Justice Sonia Sotomayor asked Owen how the case differed from the 2009 case D.A.’s Office for Third Judicial District v. Osborne, in which the court rejected the defendant’s claim that he had a substantive due process right to access DNA evidence under §1983. In that case, the defendant also declined to seek DNA testing at trial.

“You had an opportunity to ask for it and gave it up, and you lost,” Sotomayor said. “So how are we getting to that here? How are you going to get past Osborne here?”

“The Texas statute was enacted to grant, essentially, protection to a class of inmates who were wrongfully convicted and can prove that with DNA evidence,” Owen said. “And [the Texas court] then interprets that statute in a way that needlessly chops a bunch of those inmates out.”

Chief Justice John G. Roberts, Jr. asked if Owen was undercutting his argument that this is not a claim normally reserved for habeas petitions.

“You say in [your complaint] that you [were prevented] from gaining access to exculpatory evidence that could demonstrate he is not guilty of capital murder, which is usually what habeas corpus is for: To show you are not guilty of what you are in prison for,” Roberts said.

“If we knew today that this evidence in fact was exculpatory, if they had already done the testing and they mailed us a report that says [it has] excluded your guy, then we wouldn’t file a §1983 action,” Owen said.

Habeas claim?

Gregory S. Coleman, a partner in the Austin office of Yetter Coleman arguing on the prosecutor’s behalf, noted that Brady claims must be asserted via habeas petitions.
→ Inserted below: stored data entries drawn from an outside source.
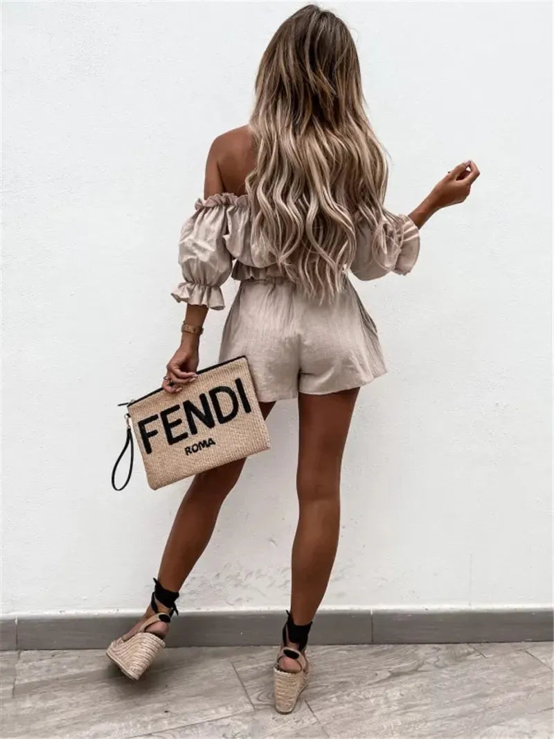 Design: women chic two pieces set, crop tops for women use solid color, short sleeve, off-shoulder, boat neck, wrap chest, backless, exposed navel design, matches elastic high waist shorts, chic and stylish.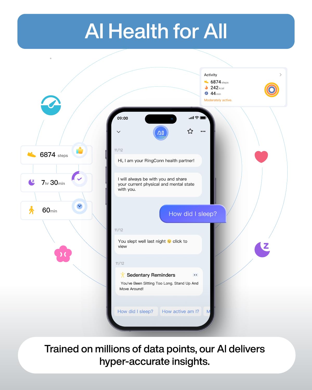 - [AI-Powered Health Insights] RingConn Gen 2 Air Smart Ring integrates AI with multi-sensor data to continuously track key health metrics like sleep, heart rate, stress levels, blood oxygen, physical activity, and menstrual cycles. Its built-in AI assistant delivers your personalized report and guidance to enhance your wellness and daily habits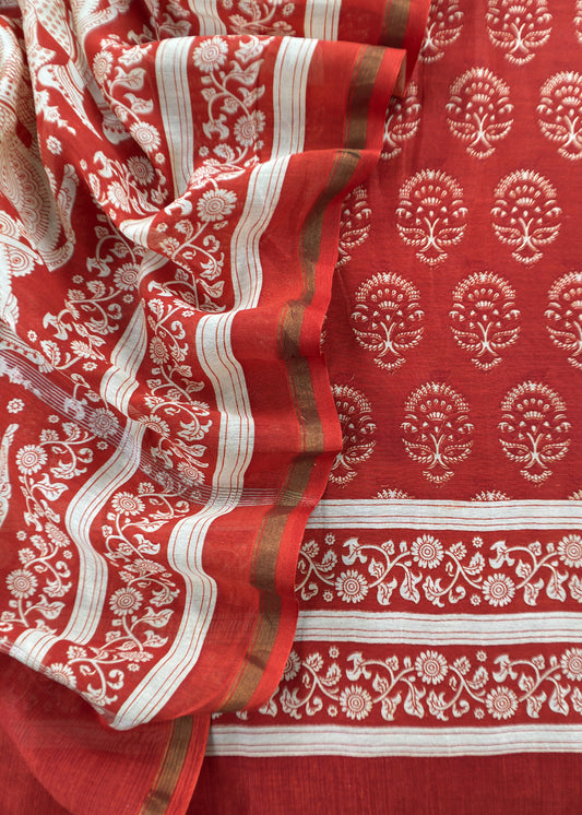 Orange Block Print Handloom Maheshwari Silk Suit Fabric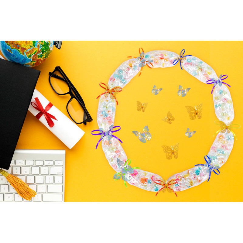 - Lei making kit: Get 1 roll plastic bags + 6pcs different colors ribbons+24pcs plastic butterfly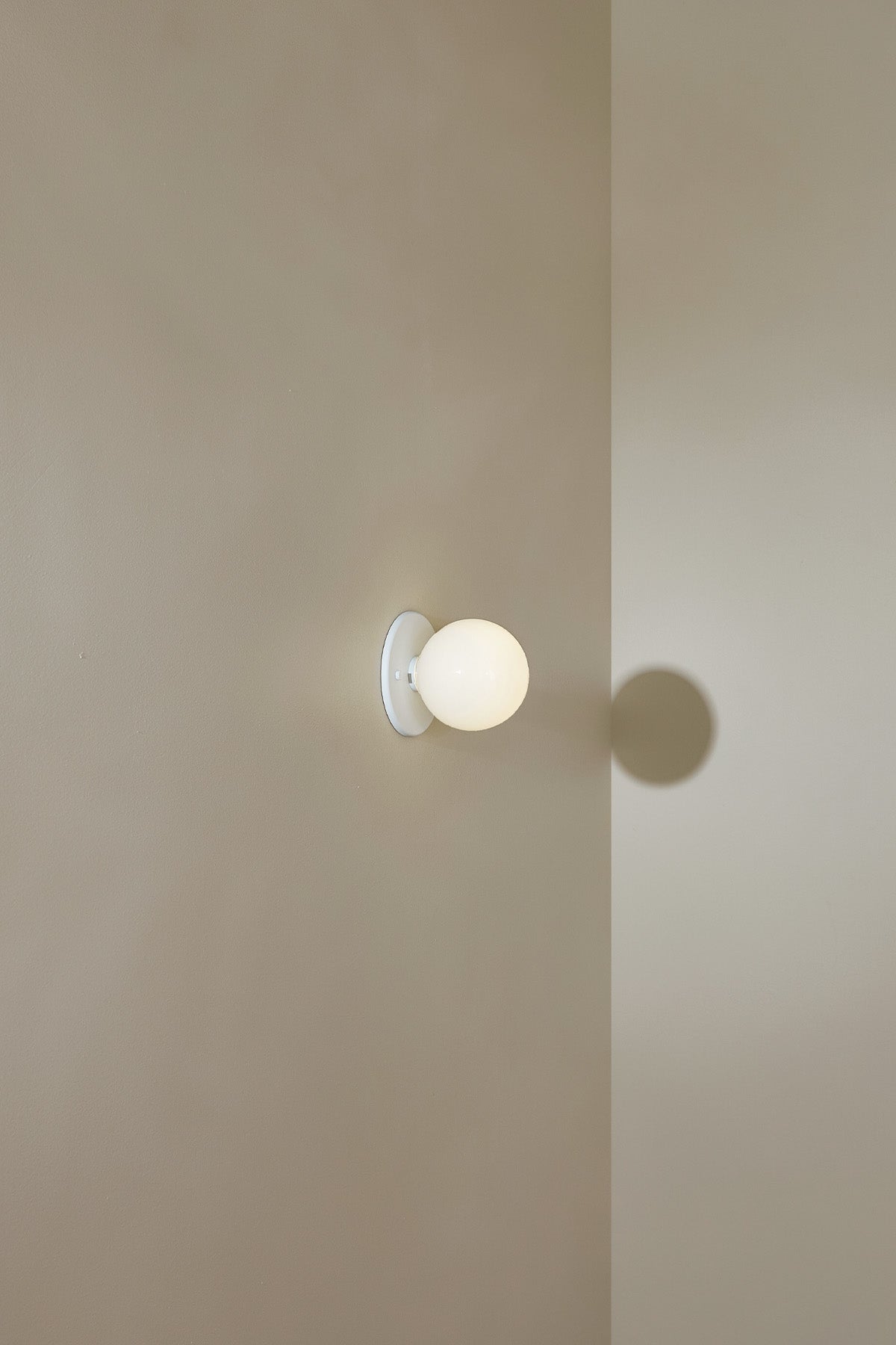 Orb Surface Sconce, Small in Brass and Opal. Image by Lawrence Furzey.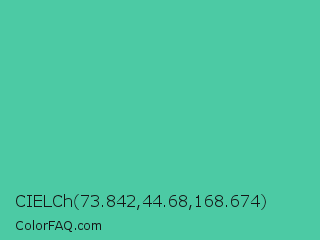 CIELCh 73.842,44.68,168.674 Color is a normal green color and the nearest color is Eucalyptus #44d7a8. Hex code #4ccaa4 and RGB value is rgb(76,202,164). In RGB color space, this color is composed of 30% red, 79% green, 64% blue, In CMYK color space, this color is composed of 62% cyan, 0% magenta, 19% yellow , 21% black , In HSL color space, this color has a hue angle of 162° , 54% saturation and 55% lightness.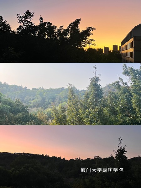 好看的风景总是恰巧出现在学生时代,嘉园的朝霞和落日余晖永远不会让人失望。宿舍阳台可称最佳观景点之一,“嘉”人在宿舍就能够幸福地拥抱太阳的东升西落,如此温柔,尤为人间浪漫。阳光很好,洒向嘉园的每个角落,荷花池、球场、自习室……穿过草木间隙照亮“嘉”人风华正茂的青春。

“When you file a Brady claim, you don’t know exactly what it is and whether it will definitely be exculpatory or not,” Coleman said.

Justice Antonin Scalia expressed doubt that the existence of habeas should be a bar to all other claims.

“I’m not sure, however, that we ought to say what you propose: That the test is whether it could be brought in habeas,” Scalia said. “You can bring anything in habeas. [But] you couldn’t win in habeas with this claim because you couldn’t show that it would have affected the outcome. Isn’t that so?”

“The question is not whether you win, but whether you could,” Coleman said, noting that, “Congress has demanded that all of the safeguards and protections for habeas be in place.”

When Justice Ruth Bader Ginsburg asked whether ruling in the prosecutor’s favor would broaden habeas, Coleman said no.

“This is not an expansion of habeas,” Coleman said. “It’s simply a recognition that he has a claim that he can bring in habeas. It probably is a loser, and we think it would be a loser. But the question is, can he bring it and if he can, it should be subject to” habeas.

Too incapacitated to kill?

Skinner was convicted and sentenced to death for the murder of his live-in girlfriend Twila Busby and her two developmentally disabled sons.

Busby and her sons were found in her Pampa, Texas, home bludgeoned, choked and stabbed with an axe in 1993. Police did not find Skinner at the scene but followed a blood trail several blocks away to a trailer, where he was found in blood-stained jeans and socks. DNA testing showed that the blood on his clothing was a mixture of his own, Busby’s and her sons’.

At trial, Skinner argued that he was too incapacitated by alcohol and codeine to commit the murders. He blamed Busby’s uncle, whose alleged sexual advances Busby had recently rebuffed.

Prosecutors conducted DNA testing on some, but not all, evidence collected at the crime scene. Skinner’s lawyer made a strategic decision not to seek DNA testing on the remaining evidence, instead arguing that sloppy investigative work by the police created reasonable doubt. The jury convicted Skinner of capital murder and sentenced him to death.

Skinner sought post-conviction relief under a Texas law that allows those convicted of crimes in some circumstances to test DNA evidence that may be exculpatory. But a state court denied his motion because he did not seek to test the evidence at trial.

Skinner then filed a §1983 action in federal court claiming the prosecutor violated his constitutional rights by refusing to give him access to the DNA evidence.

A decision is expected by the high court later this term.

The case is Skinner v. Switzer, 09-9000.